Data extract —
==*==

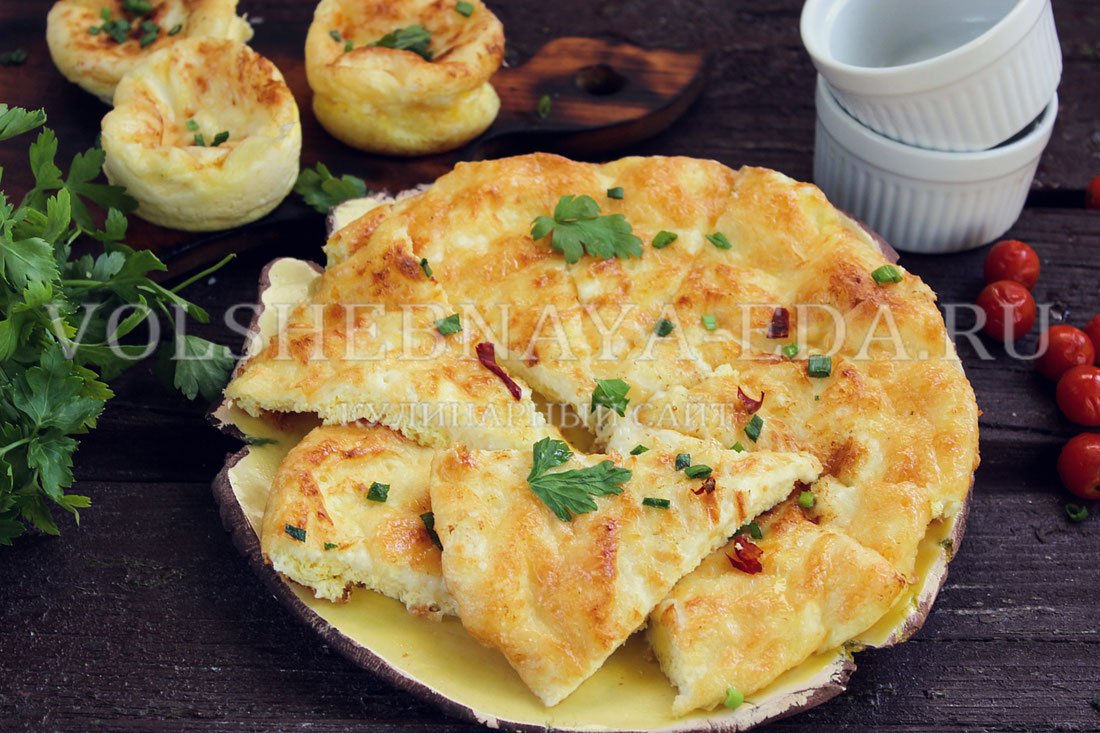 Борано следует подавать горячим, посыпав сверху рубленой зеленью. Режется на треугольные или квадратные порции, и маленькие формочки легко вынимаются. Верхушку украшает золотистая корочка, а внутри омлет остается сочным и ароматным. Приятного аппетита!
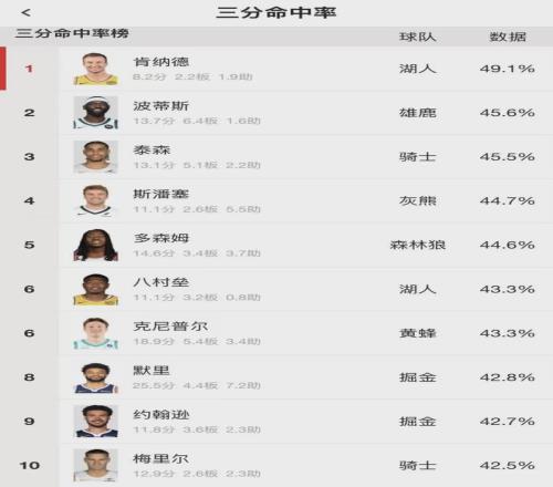 加盟森林狼后,多森姆打了19場,其中5場首發(fā)。場均出戰(zhàn)27.9分鐘,得到13.5分4.3籃板3.7助攻0.9搶斷,三項(xiàng)命中率:53.1%,43.1%,88%。本賽季三分命中率44.6%,高居聯(lián)盟第五,僅次于肯納德、波蒂斯、泰森和斯潘塞。
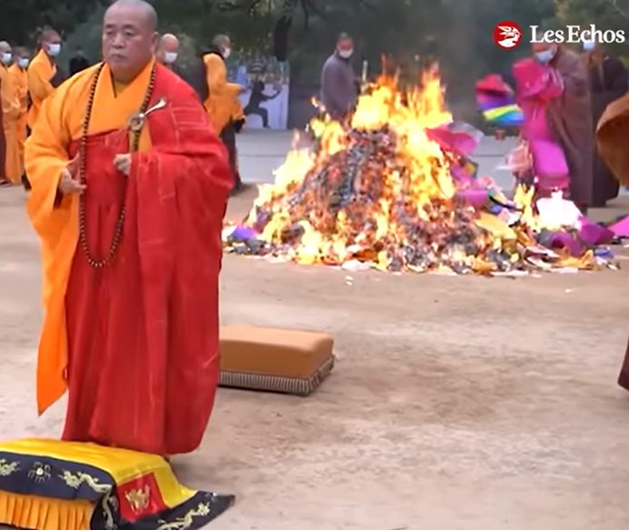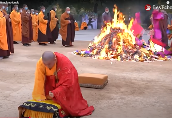 火供和焚燒五色旗是密宗儀式所必備,但是出現在少林寺的法會上。正統寺院裡只焚燒香、金紙折成的寶塔等。 直到少林寺方丈釋永信醜聞爆出來,回頭去看他曾經公開的客堂 、知客室,擺放著不少密宗的、假佛教的雕像,最明顯的就是五方佛。
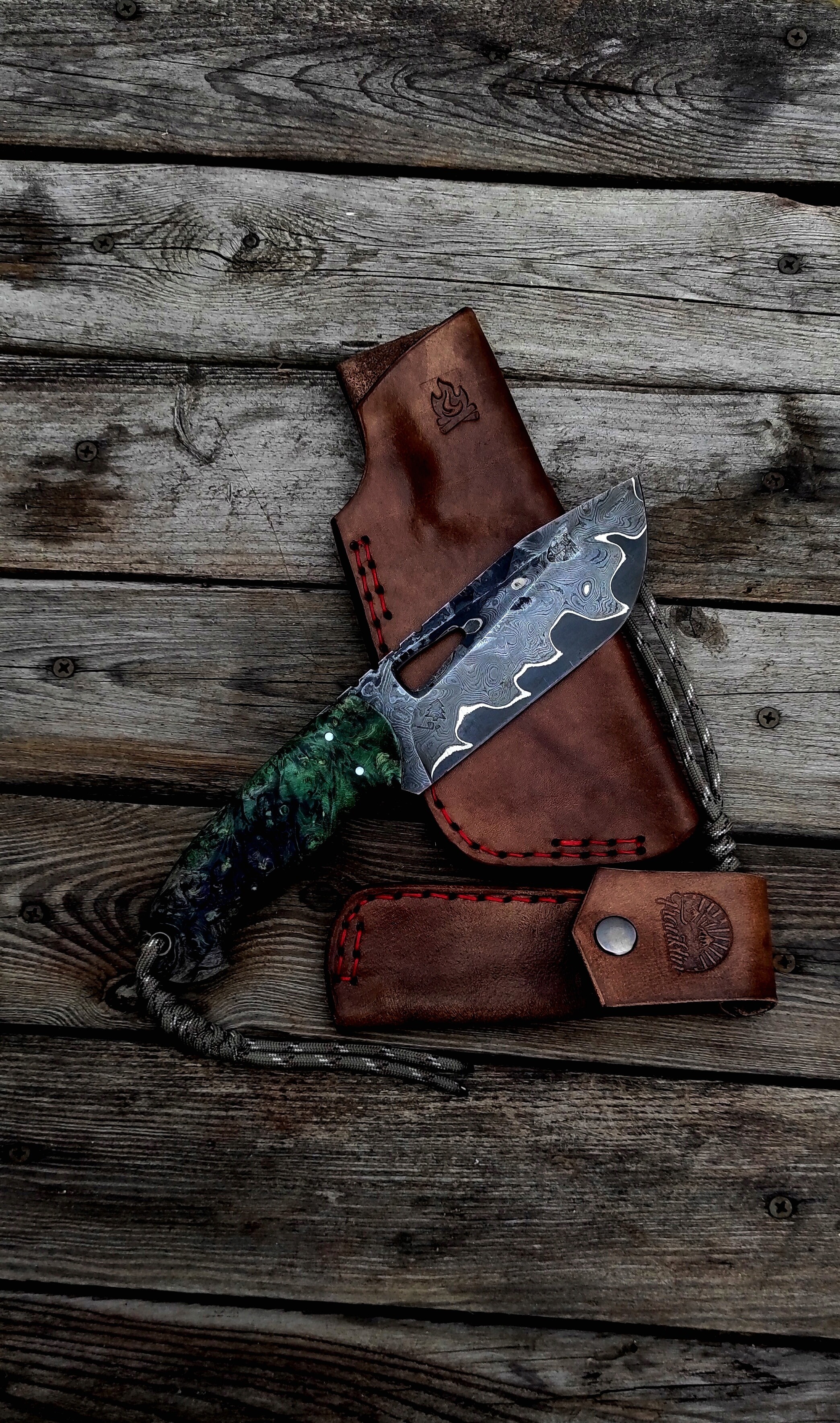 • Boki: Precyzyjnie wykończona, spawana metodą wzorzystą stal damasceńska, podkreślająca szlachetność materiału.

==*==

What is required — Print all of the material exactly. Omit pictures.

Exercise solution —
 Борано следует подавать горячим, посыпав сверху рубленой зеленью. Режется на треугольные или квадратные порции, и маленькие формочки легко вынимаются. Верхушку украшает золотистая корочка, а внутри омлет остается сочным и ароматным. Приятного аппетита!
 加盟森林狼后,多森姆打了19場,其中5場首發(fā)。場均出戰(zhàn)27.9分鐘,得到13.5分4.3籃板3.7助攻0.9搶斷,三項(xiàng)命中率:53.1%,43.1%,88%。本賽季三分命中率44.6%,高居聯(lián)盟第五,僅次于肯納德、波蒂斯、泰森和斯潘塞。
 火供和焚燒五色旗是密宗儀式所必備,但是出現在少林寺的法會上。正統寺院裡只焚燒香、金紙折成的寶塔等。 直到少林寺方丈釋永信醜聞爆出來,回頭去看他曾經公開的客堂 、知客室,擺放著不少密宗的、假佛教的雕像,最明顯的就是五方佛。
 • Boki: Precyzyjnie wykończona, spawana metodą wzorzystą stal damasceńska, podkreślająca szlachetność materiału.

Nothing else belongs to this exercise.